The world of The Fox Was Ever the Hunter is a bewildering and disorienting one, where people turn to superstition to make sense of their lives, where even the poplar trees are menacing--because life is a menace. Here the sunlight is inescapable and beats down on one, mimicking the constant surveillance of the police state and the omnipresent image of the dictator, watching everything and everyone.
Character and narrative are secondary to setting and atmosphere in Herta Müller's novel, translated from the German by Philip Boehm. That setting is Romania, following the agricultural and austerity reforms of the communist dictator Nicolae Ceaușescu.
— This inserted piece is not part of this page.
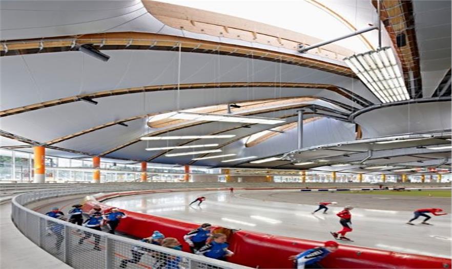建成后的新速滑館可容納7000名觀眾,靈活的空間布局讓這座場(chǎng)館可以舉辦多種國際體育賽事。體育館長200米,寬90米,頂部高性能的凈跨屋頂由外圍的承重結(jié)構(gòu)支撐,為室內(nèi)創(chuàng)造了一個(gè)無柱子的寬敞大空間。

Müller was persecuted there by the secret police and immigrated to West Germany in the 1980s. She won the Nobel Prize for Literature in 2009.
The strong writing contributes to the disjointed and disturbing impressions of both place and character. Use of poetic techniques abound, augmenting the surrealism: "[h]unger sharpens elbows for shoving and teeth for screaming. The shop has fresh bread. The elbows inside the shop are countless, but the bread is counted," and "[e]ven without their leaves the branches overhead are listening in." While the Romania of The Fox Was Ever the Hunter feels surreal, it is very real to the characters, who initially seem like mere paper cutouts. In the last third, however, they begin driving the narrative forward and develop compelling depth. Friends are informers, lovers are traitors, and every day the threat of the state makes both its presence and absolute authority known in increasingly spirit-crushing ways. -- Evan M. Anderson, collection development librarian, Kirkendall Public Library, Ankeny, Iowa.